Тут из зарослей, с надрывными криками:
— Веня! Венечка! — выскочил второй подельник. Тощий, чуть выше первого, в таких же жалких лохмотьях. И не поинтересовавшись о причине переполоха, не дав сказать мне ни слова, ринулся фурией и, визжа, начал меня царапать.
Мое благостное настроение сменилось негодованием. Мало, решили обокрасть, так ещё позорят меня, привлекая ненужное внимание. Сейчас вся округа сбежится на крики.
Что ж, раз попались, надо проучить. Особенно старшего, зачинщика кражи.
Я отшвырнул наглеца от себя, пока он не выцарапал мне глаза.
Воришка упал едва ли не в кусты дикого шиповника. Боль должна была отрезвить его, заставить подумать о спасении своей шкурки, однако он, глупый, вскочил и бросился на меня с новой силой. Еще и со спины.
«Да чтоб его мрак сожрал!» — разъярился я и решил: хватит миндальничать. Схватил его за шкирку и поднял над землей.
Тряхнув с острасткой, к своему изумлению, увидел, что на плечо воришки упала коса, перевязанная лентой…
Чтобы лучше разглядеть лицо старшего воришки, скрытое растрепанными прядями, тряхнул еще разок. И обомлел, когда понял, что это девчонка. Такая же чумазая, как мальчишка, только более дерзкая, нахальная, которая ещё осмелилась приказывать мне!
— Не смей! Руки прочь! — отчеканила она, смерив меня презрительным взглядом.
«Конечно, сию минуту исполню», — ухмыльнулся мысленно, злясь на себя, что я, считающий себя наблюдательным, умным и опытным бабником, не заметил сразу, с кем имею дело.

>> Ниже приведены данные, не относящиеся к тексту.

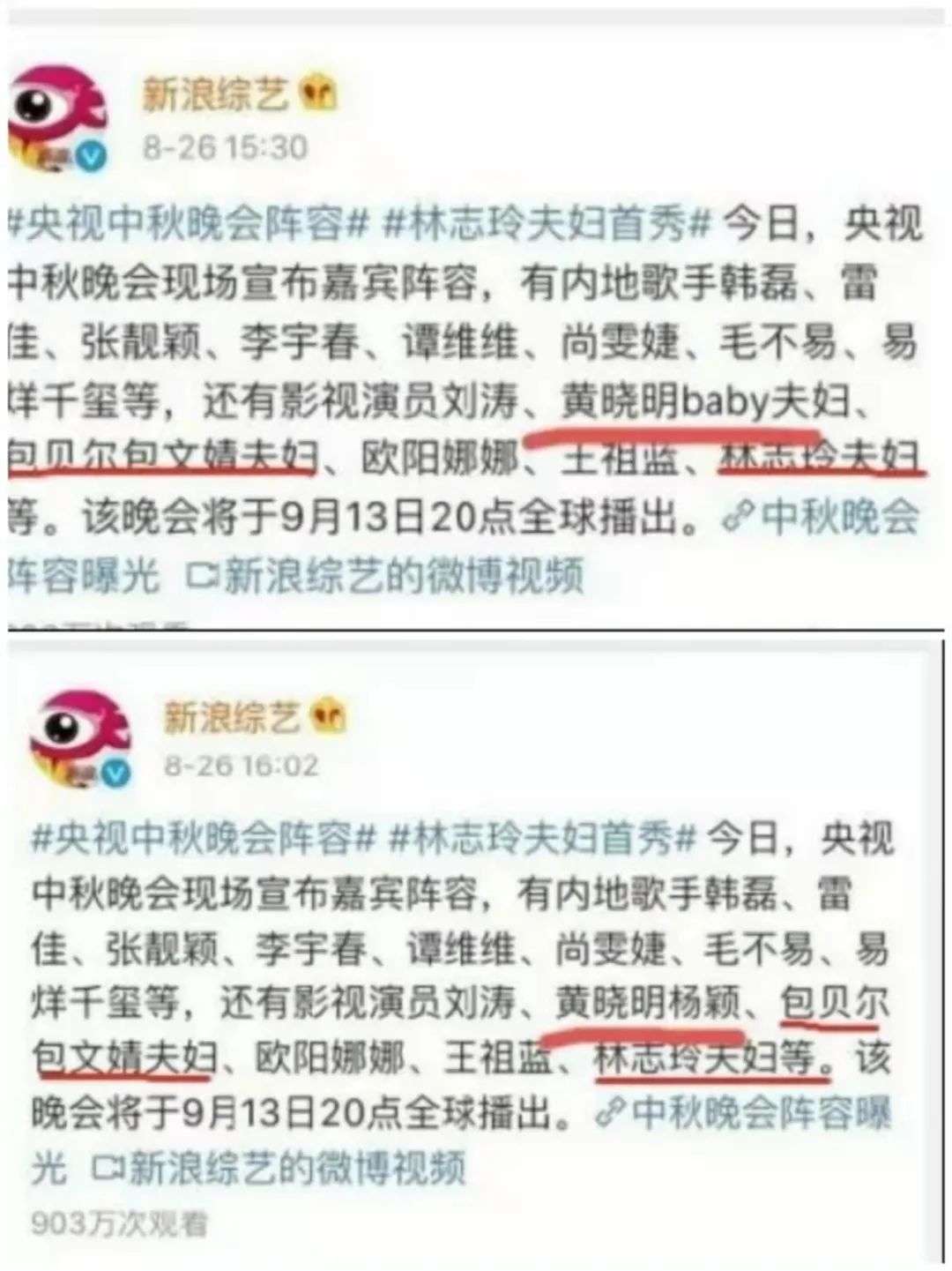 2019年8月,央视中秋晚会在宣布出席的明星名单时,谈及二人,最初为黄晓明baby夫妇,后又更改为黄晓明杨颖,而其他的如包贝尔、包文婧,林志玲后依然跟着夫妇字样。这一举动也被外界视为“央视盖章”。当时,有媒体向黄晓明方求证,黄晓明方工作人员表示“真的没有”“希望媒体和网友不要再胡乱猜测了”。
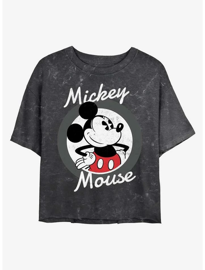 New 🔔 Disney Mickey Mouse Classic Mickey Mineral Wash Crop 😉 Girls T-Shirt ❤️

Какой позор!
Это уже при свете костра разглядел, что оборванка очень даже хорошенькая. Одни глазища, полные ненависти и презрения, чего стоили. Да они молнии метали, желая испепелить меня.
И что теперь с воришками делать?
Магию применять на тощих птенцов — расточительно, но хорошей трепки они точно заслужили. Больше я миндальничать не собирался.